Approach to offering remote support to mesothelioma patients: The Mesothelioma Survivor Project.

82 Background: From the moment of diagnosis, malignant mesothelioma (MM), decreases health-related quality-of-life (QOL) in patients and their caregivers. In addition to symptoms of disease, aggressive treatments such as surgery, radiation, and chemotherapy can cause extreme side effects – specifically, chemotherapy is associated with chronic fatigue, unremitting nausea, vomiting, and systemic pain.
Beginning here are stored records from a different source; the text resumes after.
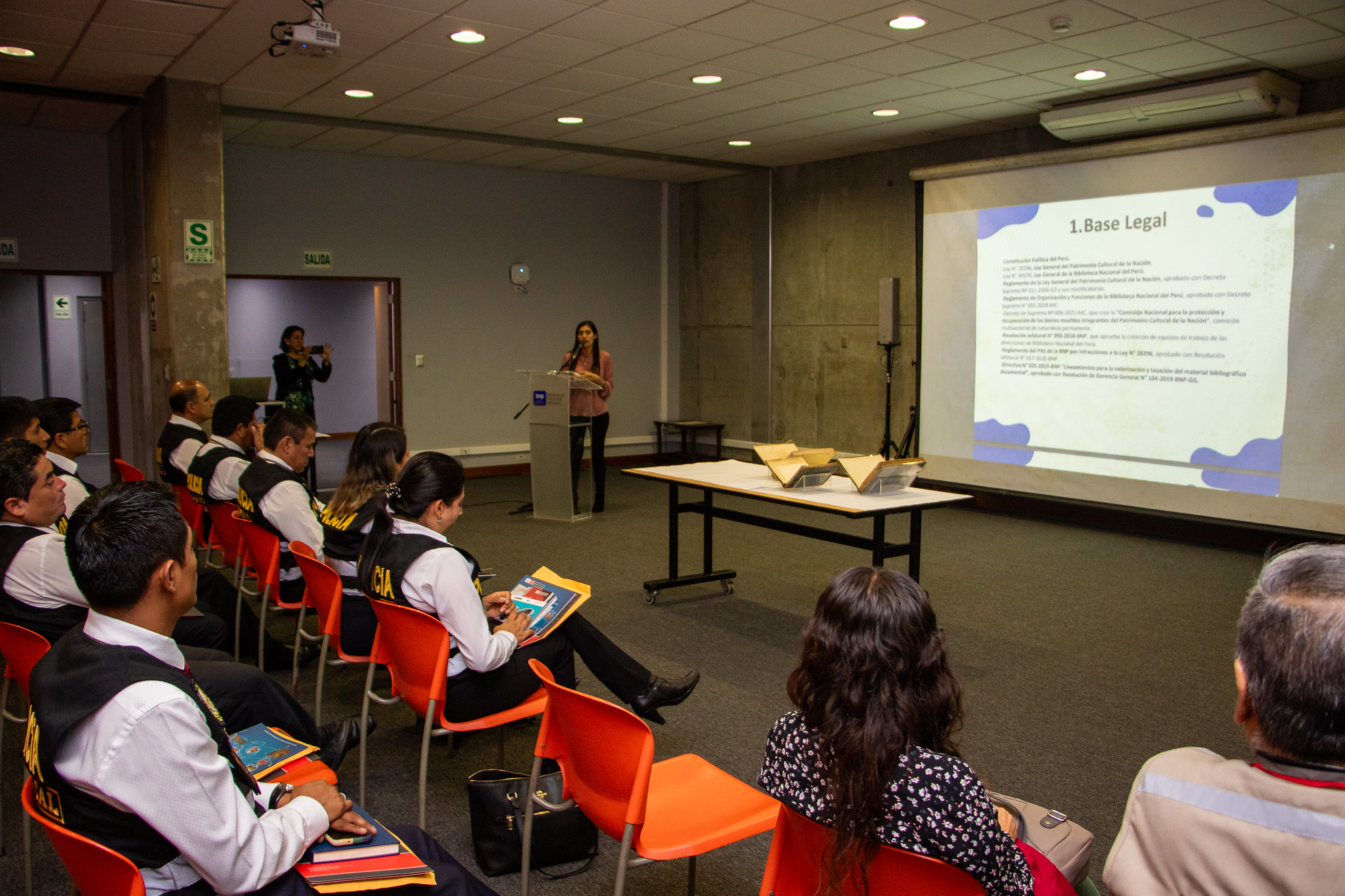 Especialistas de la Biblioteca Nacional del Perú (BNP), entidad adscrita al Ministerio de Cultura (Mincul), dictaron charlas de capacitación a agentes de la Policía Nacional, que laboran en la Dirección de la Policía Fiscal, para reforzar la tarea que cumplen en materia de la lucha contra el tráfico ilícito de bienes culturales, muebles de tipo archivístico y bibliográfico.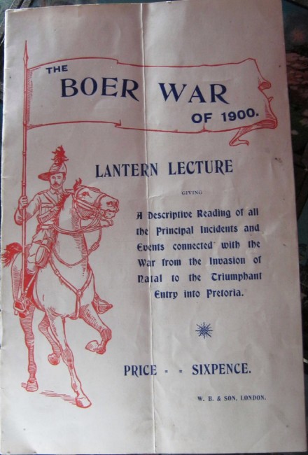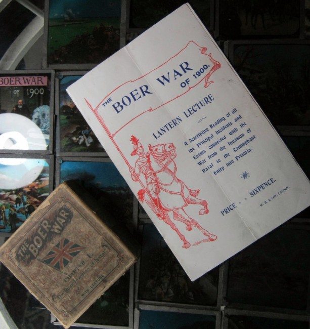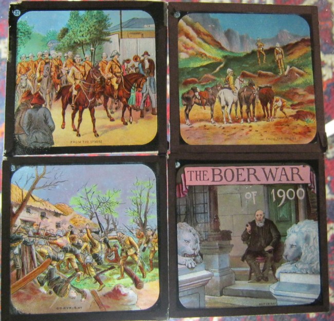 Included in this lot is a booklet The Boer War of 1900. Lantern Lecture giving a descriptive reading of all the principal incidents and events connected with the War from the Invasion of Natal to the Triumphant Entry into Pretoria. London, W.B[utcher] & Son, (c. 1900). 8vo. Printer wrappers. Pp. 12. Contains descriptions of all 40 slides, chapter-by-chapter, each slide described, with title & details of the picture. A properly printed & published pamphlet, this booklet is seldom found with the slides & is very scarce indeed.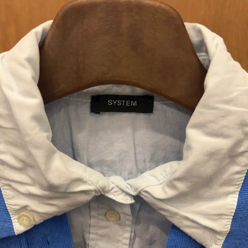 [BUNJANG] System Layered Lettering Embroidered Single Pocket Shirt / 시스템 셔츠 레이어드 맨투맨 레터링 자수 싱글 포켓 카라넥 디테일 블루

These side effects of treatments can be burdensome enough to lead to noncompliance or outright refusal of continuation of care.[1] Data from 13 frequently cited QOL studies focus on chest pain and shortness of breath as the two chief symptoms of pleural mesothelioma. The largest QOL study to date enrolled 495 patients, evaluated MM using the LCSS (lung cancer symptom scale). Investigators reported MM’s most common symptoms as: fatigue (94%), dyspnea (89%), loss of appetite (86%), chest pain (85%), cough (75%), and hemoptysis (24%). In addition, mesothelioma has a number of emotional consequences. A study by the British Lung Foundation (BLF) reported significant impairment of emotional function and/or emotional state in patients with mesothelioma and their family members.[2] Methods: The platform for the support group was remote, consisting of both online and telephone domains. Participants would utilize both online and phone systems during sessions, held once a week for a total of 6 weeks. Sessions were guided and kept closed, available only to those affected by mesothelioma. Participants completed surveys after each support group. Session summaries and follow-up information were provided online after support meetings. Results: Using a 0-5 Likert Scale, consistent attendees reported support groups as very helpful (4). Irregular attendees had mixed feelings ranging from extremely helpful (5) to neutral (3). 80% of attendees participated in support groups prior to ours. Conclusions: Active participation in a guided and closed support group allowed participants to share their experiences and concerns about their diagnoses, comfortably – supporting transition beyond active-treatment. The online portion of the platform was helpful in assuaging common negative concerns.